Segment Start: STORED DATA
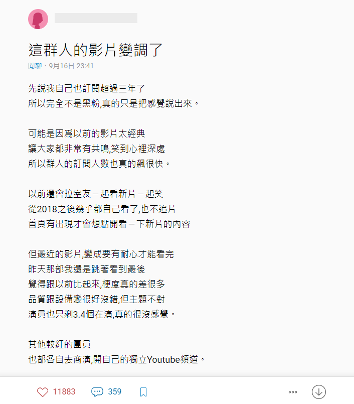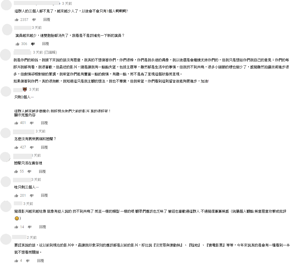 只見網友紛紛留言:「這群人的三個人都不見了,越來越少人了,以後會不會只有1個人啊啊啊?」、「演員越來越少,連雙胞胎都消失了」、「最近的影片,總是讓我有一點點失望」、「你們的影片越來越不好笑」、「影片內容卻越來越冗」、「我好想念他們之前的影片 真的很好笑!」。
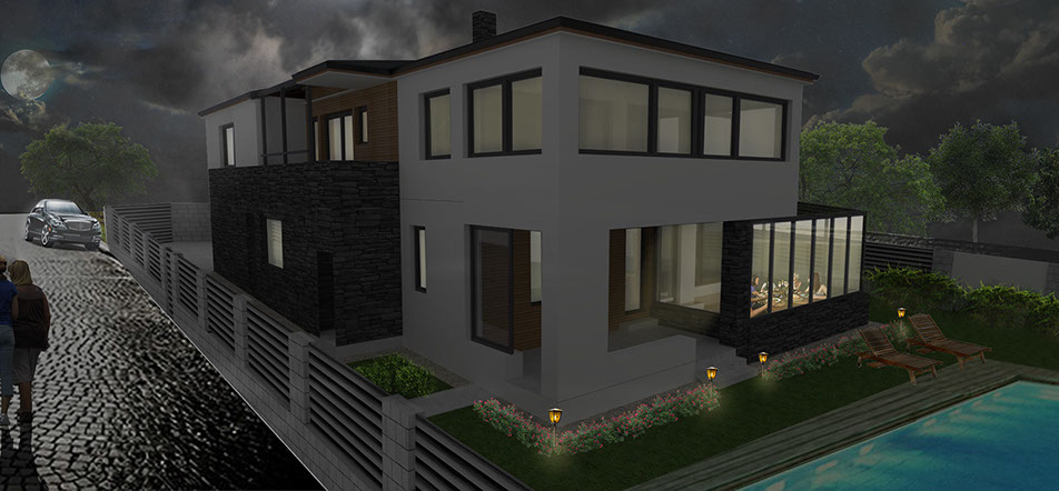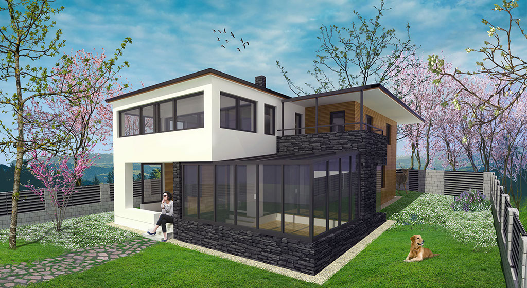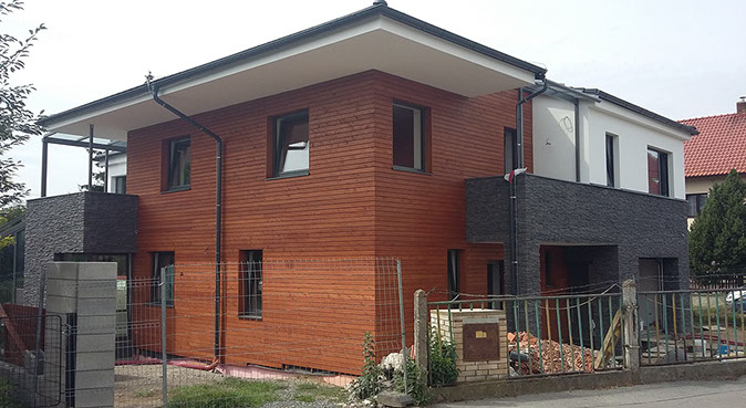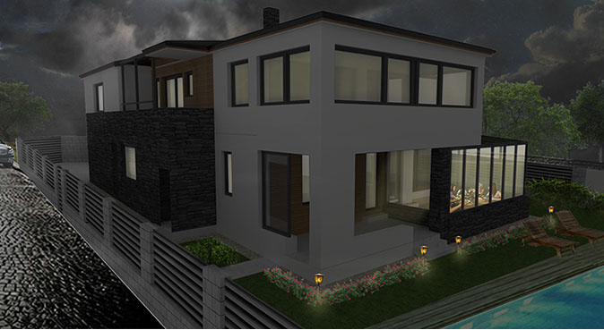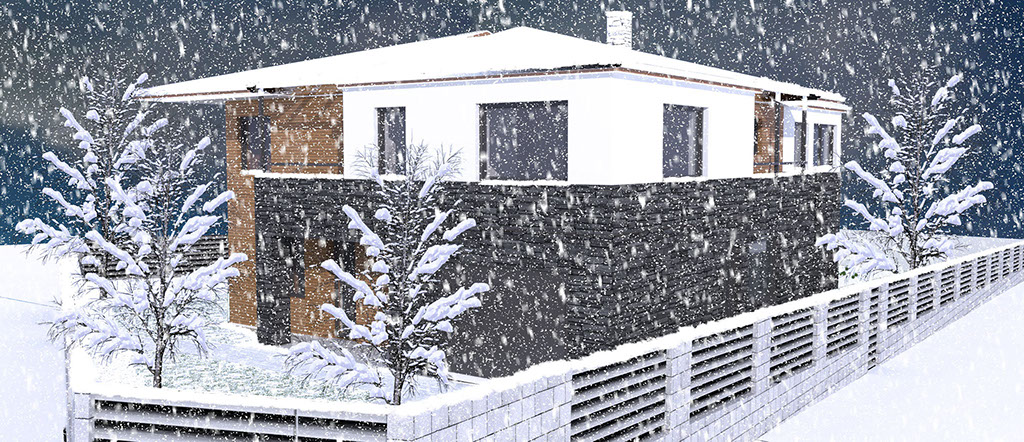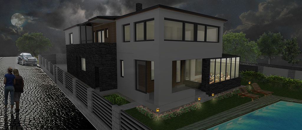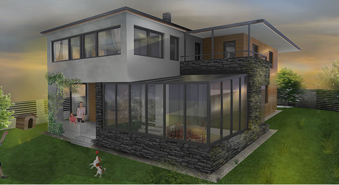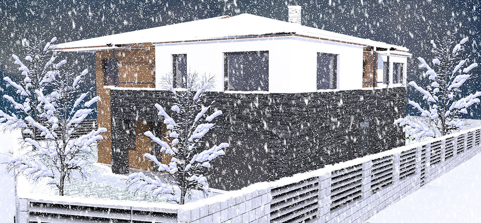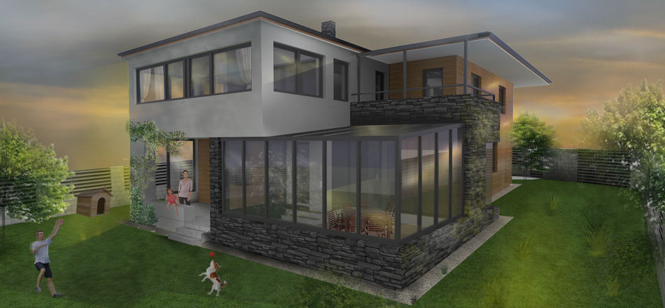 Dvougenerační rodinný dům v Kolovratech u Prahy oslní svou interiérovou velkorysostí, kde se potkávají různě prosvětlené prostory s centrem dění ve velké světnici propojené se zimní zahradou v přízemí a galerií v patře. Pro exteriér bylo použito kombinace dřevěného obklady, bílého štuku a čediče, prvků zdánlivě odlišných, ale vyváženě se doplňujích v kontrastní hře všech fasád.
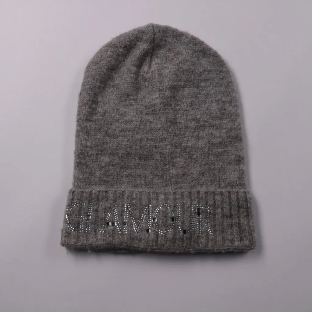 Вязаная шапка серого цвета с отворотом и декором из страз с надписью «GLAMOUR». Подойдёт для повседневной носки в холодную погоду и зимних прогулок. Мягкий трикотаж хорошо тянется и комфортно садится по голове.
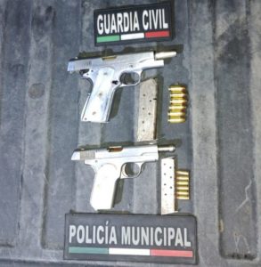 Tras lo anterior, a los pasajeros de ambas unidades les fueron localizadas dos pistolas, las cuales junto a los implicados y los vehículos fueron puestos a disposición de la autoridad correspondiente para determinar su situación jurídica.
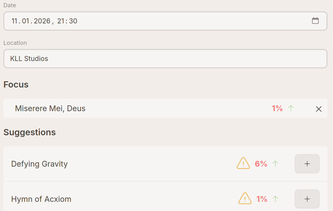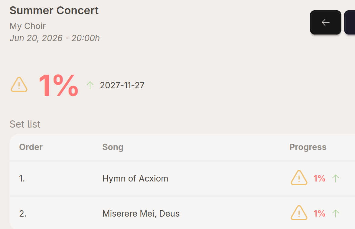 Estimated readiness dates are calculated to let you know whether the group is on track for the next concert, while warnings alert you to assignments lacking progress.
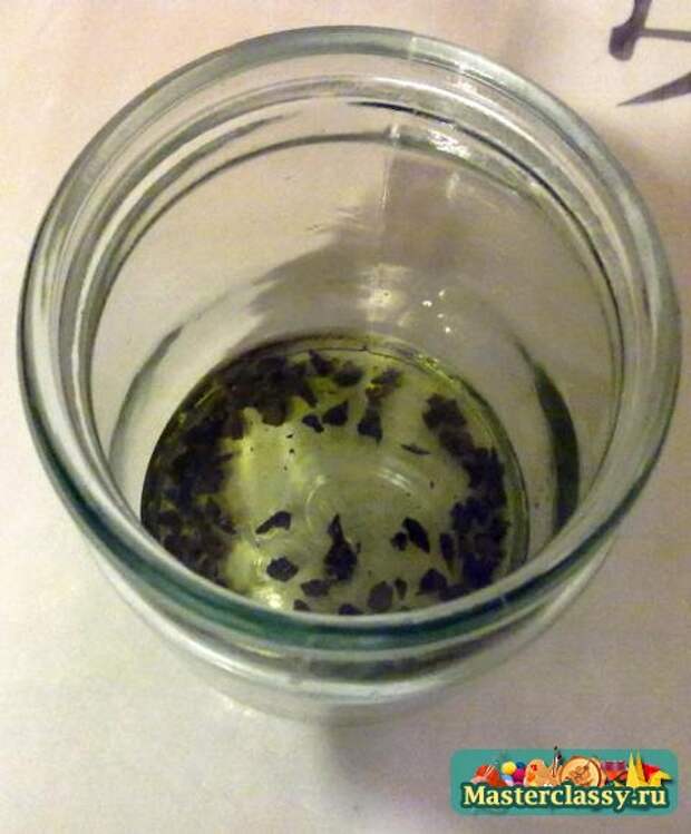 Измельчив ножом прополис я залила его оливковым маслом первого холодного отжима. На следующий день (можно через сутки-двое) я поместила банку с прополисом и маслом на водяную баню. Прополис довольно плотное вещество, даже после полутора часов, проведенных на водяной бане, он не растворился и не смешался с оливковым маслом, а стал лишь рыхлым на вид.
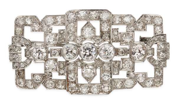 An Art Deco diamond set plaque brooch
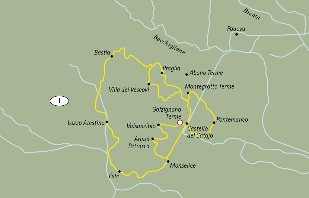 <Heute haben Sie die Wahl. Genießen Sie eine angenehmen Fahrt auf dem Radweg der Euganeischen Hügel, der die gesamte Kette der vulkanischen Hügel umfasst und zwischen Wäldern, Abteien und kleinen Städten wie Este und Bastia verläuft. Da die Etappe recht lang ist, können Sie den Tag aber auch in Ihrem Kurort verbringen und eine der zahlreichen Thermalbehandlungen genießen. Immerhin befinden Sie sich im größten Thermalpark Europas! Eine andere Idee wäre, den Tag in Padua oder Venedig zu verbringen, aber nehmen Sie bitte nicht das Fahrrad mit!
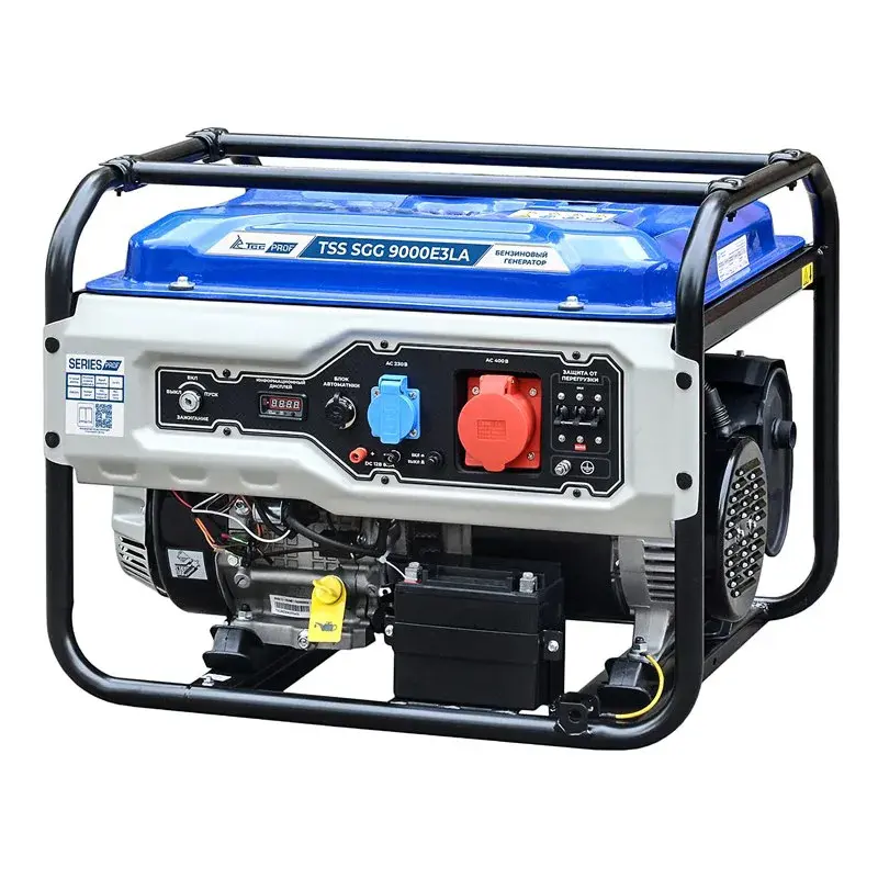 Бензогенератор TSS SGG 9000E3LA разработан для питания трехфазного оборудования мощностью до 8 кВт. Модель выдерживает большие нагрузки за счет двигателя с большим ресурсом моточасов Loncin LC192FD и медной обмотки альтернатора.
Segment End: STORED DATA
* [ACTIVITY]: "<Heute haben Sie" marks the last line to keep. Retype every line from the start of the entries through that one, exactly, and drop the pictures.

* [ANSWER FOR THE TASK]:
 只見網友紛紛留言:「這群人的三個人都不見了,越來越少人了,以後會不會只有1個人啊啊啊?」、「演員越來越少,連雙胞胎都消失了」、「最近的影片,總是讓我有一點點失望」、「你們的影片越來越不好笑」、「影片內容卻越來越冗」、「我好想念他們之前的影片 真的很好笑!」。
 Dvougenerační rodinný dům v Kolovratech u Prahy oslní svou interiérovou velkorysostí, kde se potkávají různě prosvětlené prostory s centrem dění ve velké světnici propojené se zimní zahradou v přízemí a galerií v patře. Pro exteriér bylo použito kombinace dřevěného obklady, bílého štuku a čediče, prvků zdánlivě odlišných, ale vyváženě se doplňujích v kontrastní hře všech fasád.
 Вязаная шапка серого цвета с отворотом и декором из страз с надписью «GLAMOUR». Подойдёт для повседневной носки в холодную погоду и зимних прогулок. Мягкий трикотаж хорошо тянется и комфортно садится по голове.
 Tras lo anterior, a los pasajeros de ambas unidades les fueron localizadas dos pistolas, las cuales junto a los implicados y los vehículos fueron puestos a disposición de la autoridad correspondiente para determinar su situación jurídica.
 Estimated readiness dates are calculated to let you know whether the group is on track for the next concert, while warnings alert you to assignments lacking progress.
 Измельчив ножом прополис я залила его оливковым маслом первого холодного отжима. На следующий день (можно через сутки-двое) я поместила банку с прополисом и маслом на водяную баню. Прополис довольно плотное вещество, даже после полутора часов, проведенных на водяной бане, он не растворился и не смешался с оливковым маслом, а стал лишь рыхлым на вид.
 An Art Deco diamond set plaque brooch
 <Heute haben Sie die Wahl. Genießen Sie eine angenehmen Fahrt auf dem Radweg der Euganeischen Hügel, der die gesamte Kette der vulkanischen Hügel umfasst und zwischen Wäldern, Abteien und kleinen Städten wie Este und Bastia verläuft. Da die Etappe recht lang ist, können Sie den Tag aber auch in Ihrem Kurort verbringen und eine der zahlreichen Thermalbehandlungen genießen. Immerhin befinden Sie sich im größten Thermalpark Europas! Eine andere Idee wäre, den Tag in Padua oder Venedig zu verbringen, aber nehmen Sie bitte nicht das Fahrrad mit!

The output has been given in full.